Top of PROVIDED RECORDS

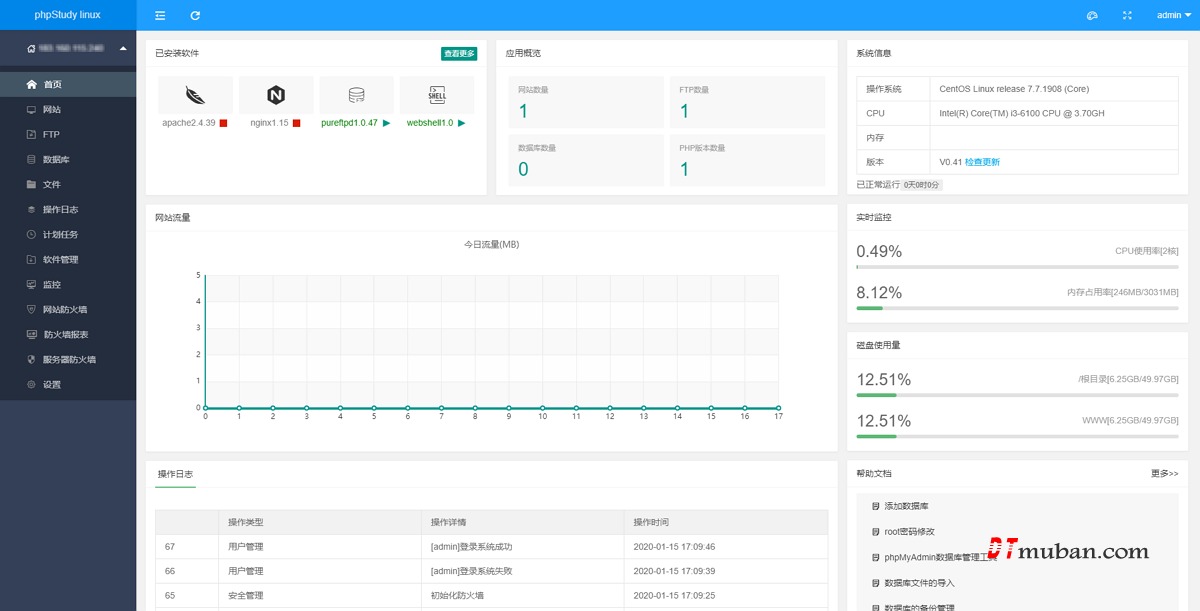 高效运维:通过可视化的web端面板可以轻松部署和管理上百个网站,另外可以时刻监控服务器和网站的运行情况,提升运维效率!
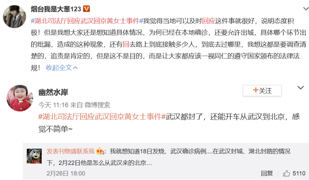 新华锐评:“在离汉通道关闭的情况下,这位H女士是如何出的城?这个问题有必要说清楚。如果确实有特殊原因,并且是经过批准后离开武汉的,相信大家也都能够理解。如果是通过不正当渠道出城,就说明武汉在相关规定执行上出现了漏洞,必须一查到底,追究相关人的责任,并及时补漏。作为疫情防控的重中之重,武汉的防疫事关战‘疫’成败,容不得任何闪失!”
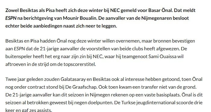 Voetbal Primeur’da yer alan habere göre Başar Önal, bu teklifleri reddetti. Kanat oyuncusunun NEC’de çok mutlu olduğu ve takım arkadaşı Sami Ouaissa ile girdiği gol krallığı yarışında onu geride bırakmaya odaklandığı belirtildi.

Bottom of PROVIDED RECORDS
Top of PROVIDED RECORDS

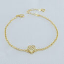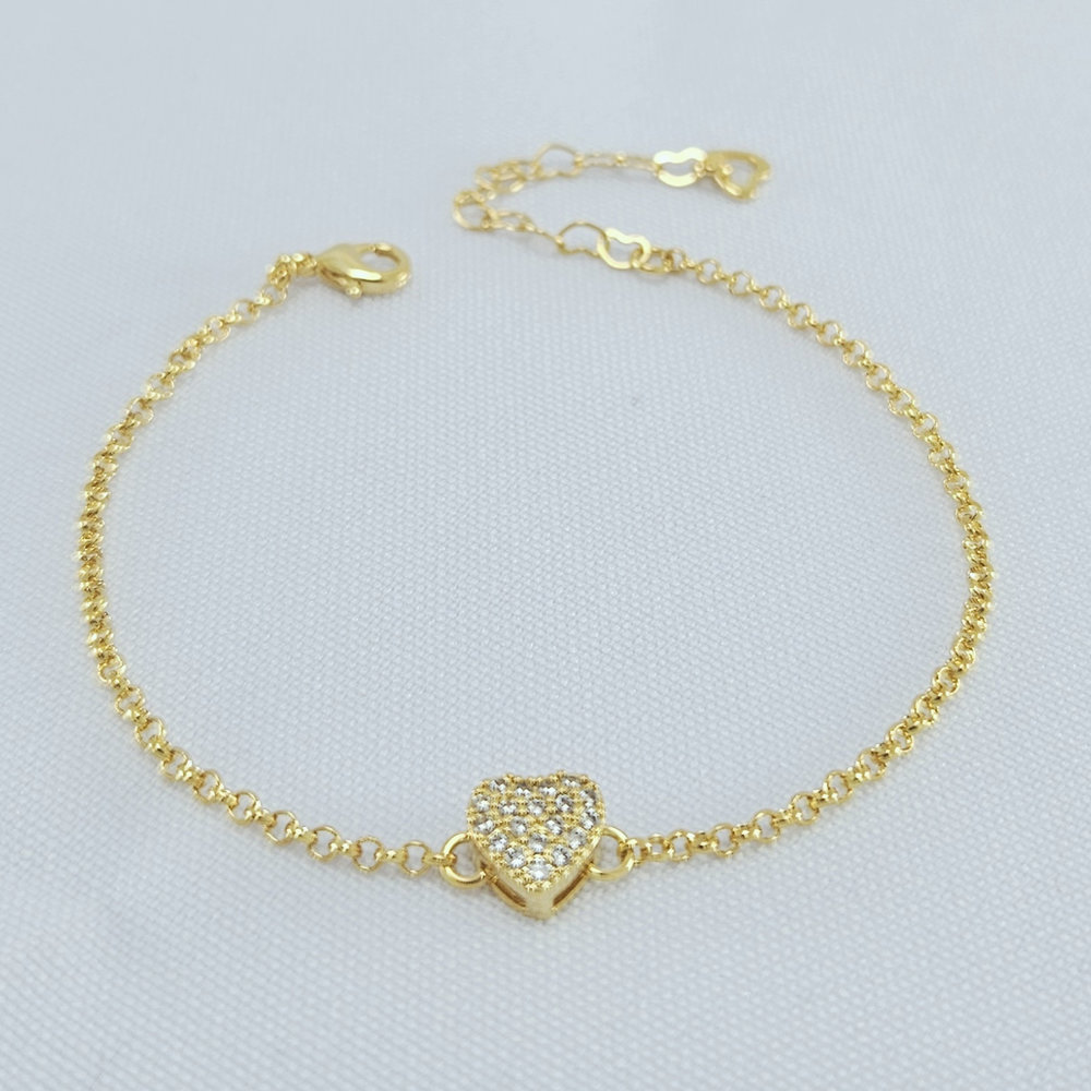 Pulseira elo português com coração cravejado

Bottom of PROVIDED RECORDS

Set the pictures aside and transcribe exactly the stretch of lines above, beginning with the one holding "高效运维:通过可视化的web" and ending with the one holding "Voetbal Primeur’da yer".

RESPONSE AREA:
 高效运维:通过可视化的web端面板可以轻松部署和管理上百个网站,另外可以时刻监控服务器和网站的运行情况,提升运维效率!
 新华锐评:“在离汉通道关闭的情况下,这位H女士是如何出的城?这个问题有必要说清楚。如果确实有特殊原因,并且是经过批准后离开武汉的,相信大家也都能够理解。如果是通过不正当渠道出城,就说明武汉在相关规定执行上出现了漏洞,必须一查到底,追究相关人的责任,并及时补漏。作为疫情防控的重中之重,武汉的防疫事关战‘疫’成败,容不得任何闪失!”
 Voetbal Primeur’da yer alan habere göre Başar Önal, bu teklifleri reddetti. Kanat oyuncusunun NEC’de çok mutlu olduğu ve takım arkadaşı Sami Ouaissa ile girdiği gol krallığı yarışında onu geride bırakmaya odaklandığı belirtildi.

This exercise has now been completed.